Who's Afraid?Alex Cross battles the most ruthless and powerful killer he has ever encountered: a predator known only as the Wolf.

Alex Cross' first case since joining the FBI has his new colleagues stymied. Across the country, men and women are being kidnapped in broad daylight and then disappearing completely. These people are not being taken for ransom, Alex realizes. They are being bought and sold. And it looks like a shadowy figure known as the Wolf, a master criminal who has brought a new reign of terror to organized crime, is behind this business in which ordinary men and women are sold as slaves.

You're afraid.

Even as he admires the FBI's vast resources, Alex grows impatient with the Bureau's clumsiness and caution when it is time to move. A lone wolf himself, he has to go out on his own in order to track the Wolf and try to rescue some of the victims while they are still alive.

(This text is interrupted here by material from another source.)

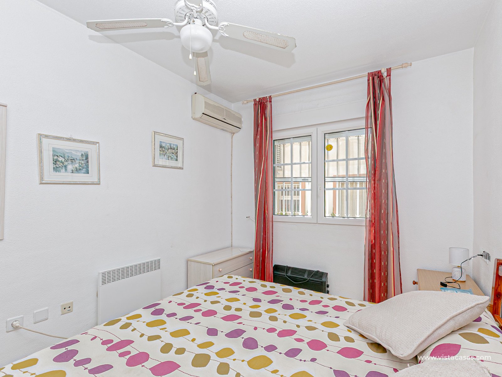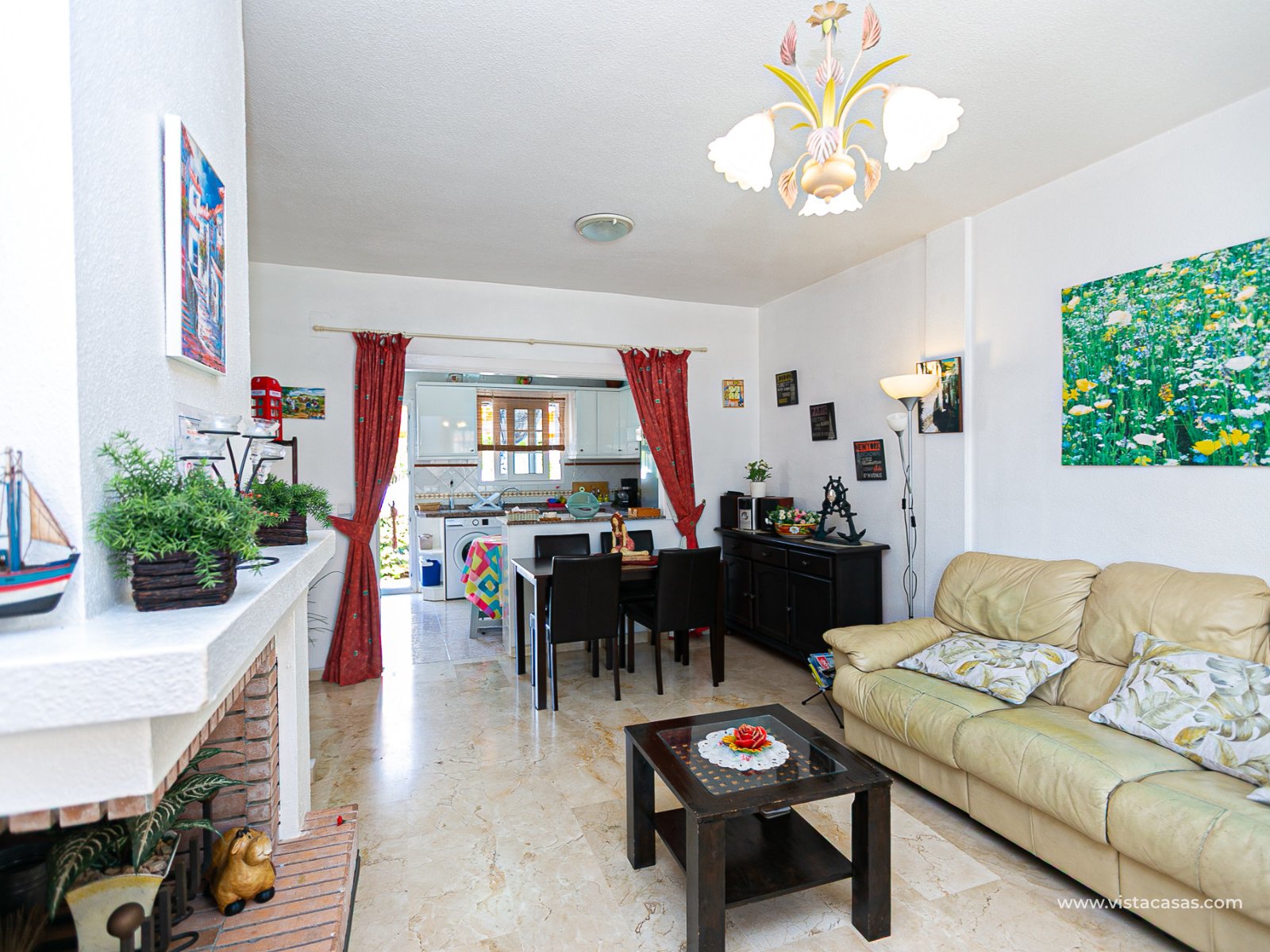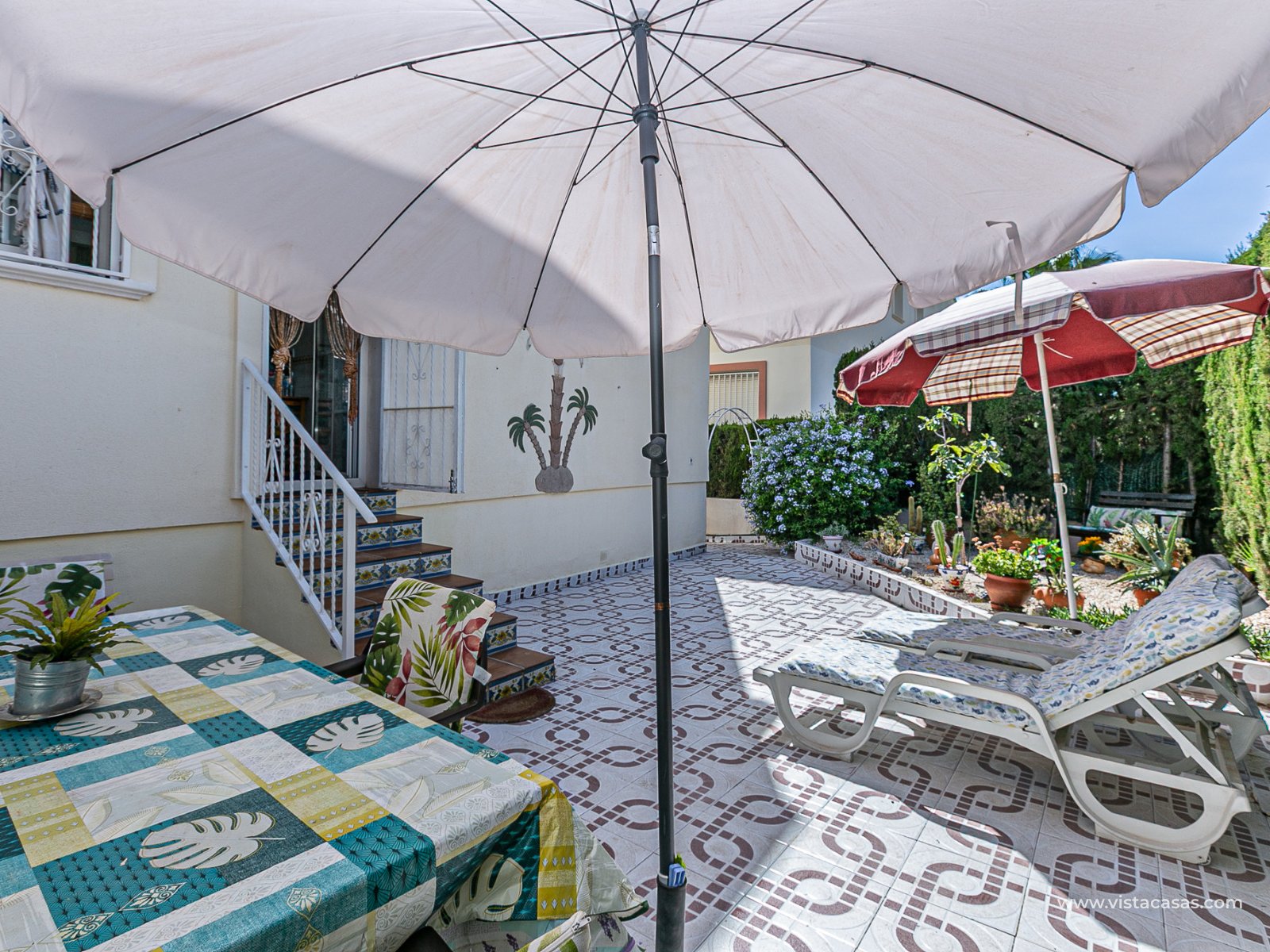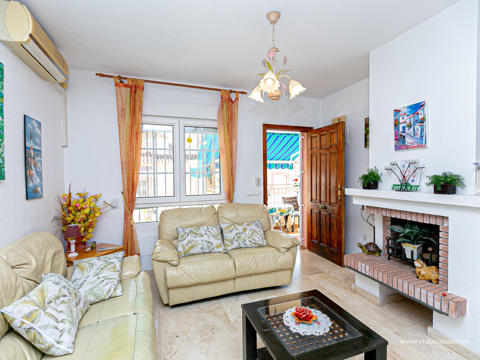 We present this charming ground floor bungalow style apartment, with the convenience of parking your car inside the plot under its practical carport. The property sits on a private semi-circular plot that surrounds the house, offering different outdoor areas to enjoy the Mediterranean climate. At the front, it features a double terrace: one by the entrance and another main terrace equipped with an awning, perfect for relaxing in the shade or sharing meals outdoors. Inside, you will find a spacious living-dining room with air conditioning and a fireplace, creating a cosy atmosphere both in summer and winter. The large independent kitchen includes a breakfast bar and has direct access to the rear garden, adding even more functionality to the home. The night area consists of two bedrooms and one bathroom with shower. The property comes with extras such as ceiling fans and air conditioning in the living room and master bedroom. It is sold furnished (except personal items), without refrigerator and washing machine. Location – Playa Flamenca Playa Flamenca is one of the most sought-after areas of Orihuela Costa, famous for its cosmopolitan atmosphere and blue-flag beaches. It offers all kinds of services within walking distance: restaurants, bars, supermarkets, sports centres and the popular Zenia Boulevard shopping centre. It also enjoys excellent connections to nearby golf courses such as Villamartin, Las Ramblas and Campoamor, as well as to the beaches of La Zenia and Cabo Roig. This property is ideal as a holiday home, investment or permanent residence in one of the most desirable areas of the Costa Blanca. Don’t miss this opportunity and contact us today to arrange a viewing.

As the case boils over, Alex is in hot water at home, too. His ex-fiancie, Christine Johnson, comes back into his life-and not for the reasons Alex might have hoped.

Full of the unexpected twists and heartrending surprises that James Patterson delivers better than any other suspense writer alive, The Big Bad Wolf is an unforgettable thriller.


Editorial Reviews

Publishers Weekly

Unlike the original Big Bad Wolf, Patterson's newest and arguably most fear-inspiring villain maims, slaughters and kidnaps victims for purposes of sexual slavery. Rumored to be a Russian emigre, this shrewd predator has made crime pay so fabulously he sits atop an empire capable of accomplishing any nefarious purpose, including attacks on the homes of high-ranking FBI officials. Despite having just joined the Bureau, series hero Alex Cross winds up hunting the Wolf, which puts his family in peril. Meanwhile, his former girlfriend decides she wants custody of their young son. Patterson, a master at suspenseful twists and turns, keeps the action non-stop by constantly shifting among Alex's first-person tribulations and punchy, objectively told sequences focusing on Wolf, several ultra-wealthy computer chat group slugs who are taking The Story of O much too seriously, and the chat group members' struggling victims. The effectiveness of these quick changes is heightened by the use of dual readers. Theater and TV actor Fernandez has a warm, rich voice that provides Cross with a soulful dimension often absent from the author's prose, and O'Hare (a Tony Award winner for the hit play Take Me Out) handles the other chores, satisfactorily running the gamut from Russian-accented growls to effete simpers. Their all-pro rendering of this smartly paced thriller almost makes up for the fact that major plot strings are left tantalizingly untied. Simultaneous release with the Little, Brown hardcover (Forecasts, Oct. 6, 2003). (Nov.) Copyright 2004 Reed Business Information.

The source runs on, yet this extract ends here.